▸ **Activity**
Go through the material under this sentence. Return every line holding "inside".

▸ **Records for processing**
+ + + + +

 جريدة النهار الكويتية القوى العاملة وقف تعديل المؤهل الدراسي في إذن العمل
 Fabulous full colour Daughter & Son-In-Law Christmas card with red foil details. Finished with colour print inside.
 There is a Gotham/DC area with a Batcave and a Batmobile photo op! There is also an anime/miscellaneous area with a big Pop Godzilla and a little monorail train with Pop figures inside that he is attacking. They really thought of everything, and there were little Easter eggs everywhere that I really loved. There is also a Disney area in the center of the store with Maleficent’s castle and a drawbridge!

+ + + + +

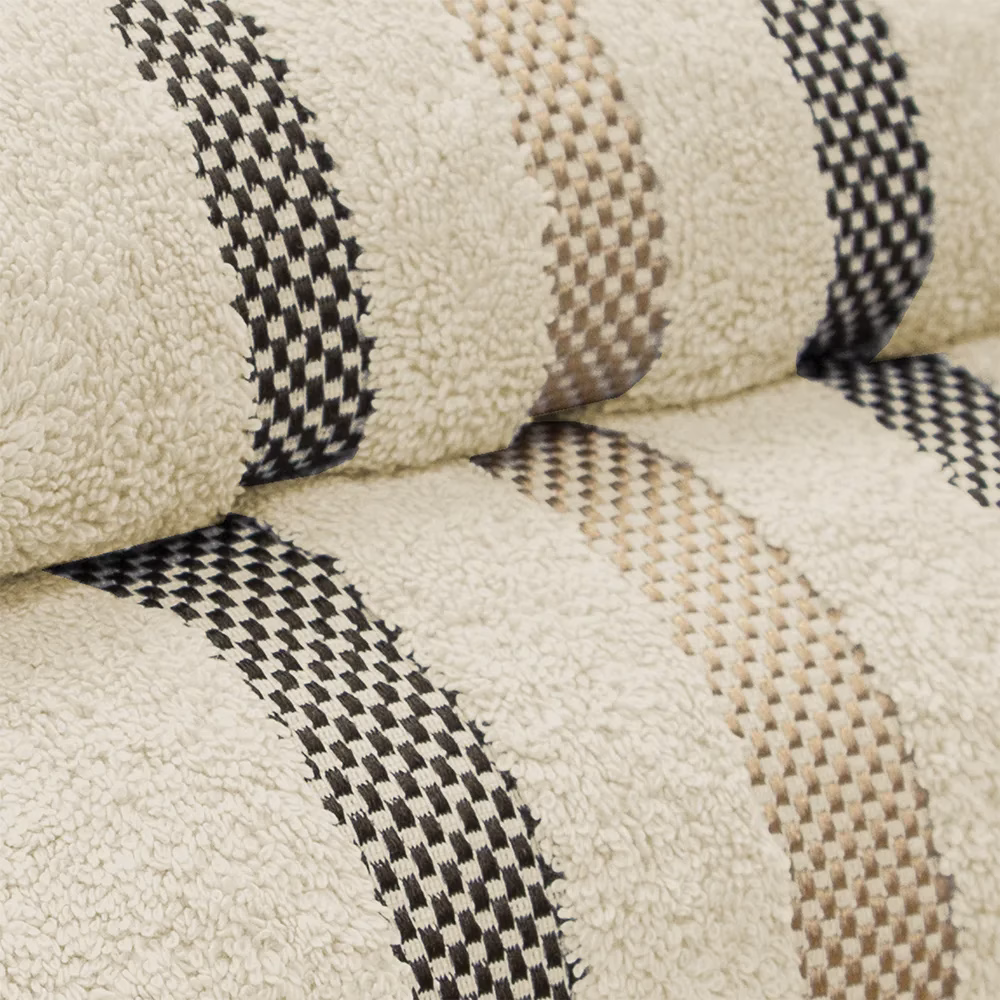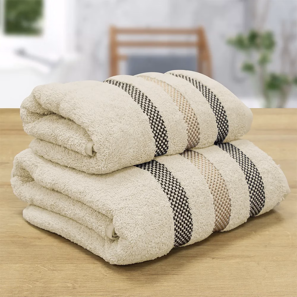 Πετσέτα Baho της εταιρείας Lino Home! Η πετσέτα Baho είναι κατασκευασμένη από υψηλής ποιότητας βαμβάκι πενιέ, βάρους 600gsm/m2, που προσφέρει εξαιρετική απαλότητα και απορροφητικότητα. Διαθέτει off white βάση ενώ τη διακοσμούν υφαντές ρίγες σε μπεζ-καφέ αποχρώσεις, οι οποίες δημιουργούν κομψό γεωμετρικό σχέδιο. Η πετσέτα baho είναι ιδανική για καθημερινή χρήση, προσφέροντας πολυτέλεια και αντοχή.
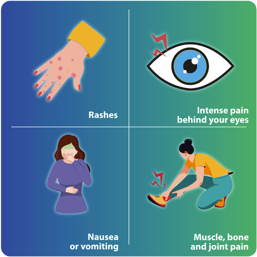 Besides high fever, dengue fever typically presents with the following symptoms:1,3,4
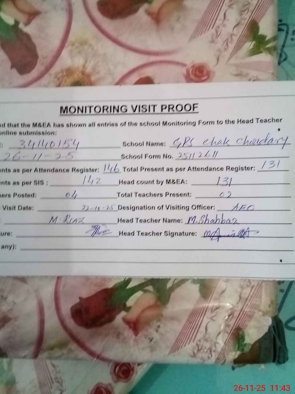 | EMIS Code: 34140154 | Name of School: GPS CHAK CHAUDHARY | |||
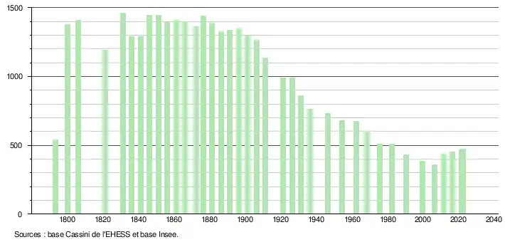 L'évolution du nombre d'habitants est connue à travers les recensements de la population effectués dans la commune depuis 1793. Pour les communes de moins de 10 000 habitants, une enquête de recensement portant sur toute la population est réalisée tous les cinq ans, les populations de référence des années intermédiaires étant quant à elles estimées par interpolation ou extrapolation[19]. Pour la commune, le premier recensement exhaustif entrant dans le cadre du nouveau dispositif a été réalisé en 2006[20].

+ + + + +

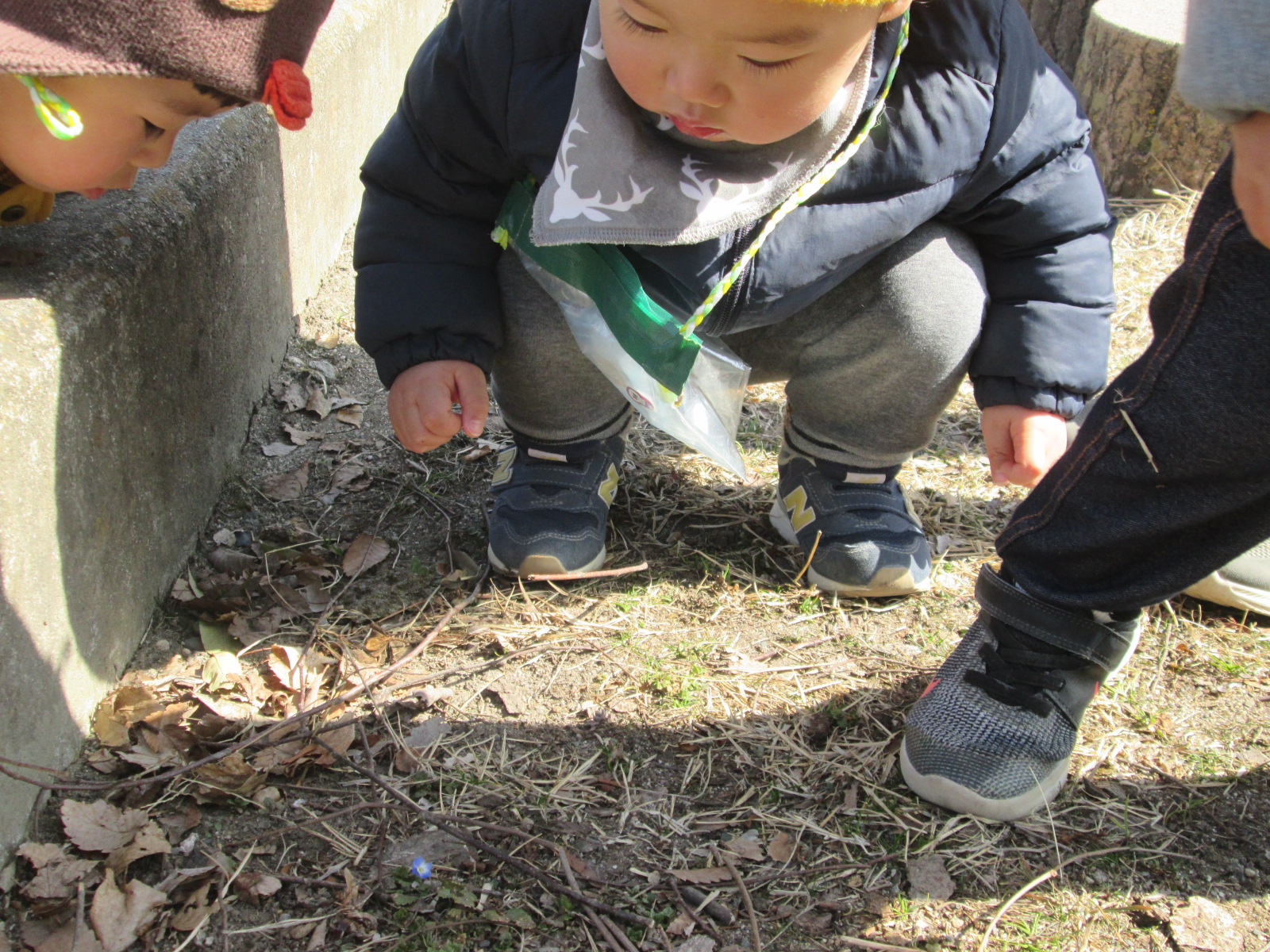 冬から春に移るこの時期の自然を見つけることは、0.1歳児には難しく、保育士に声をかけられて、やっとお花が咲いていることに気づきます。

+ + + + +

▸ **Result for this exercise**
 Fabulous full colour Daughter & Son-In-Law Christmas card with red foil details. Finished with colour print inside.
 There is a Gotham/DC area with a Batcave and a Batmobile photo op! There is also an anime/miscellaneous area with a big Pop Godzilla and a little monorail train with Pop figures inside that he is attacking. They really thought of everything, and there were little Easter eggs everywhere that I really loved. There is also a Disney area in the center of the store with Maleficent’s castle and a drawbridge!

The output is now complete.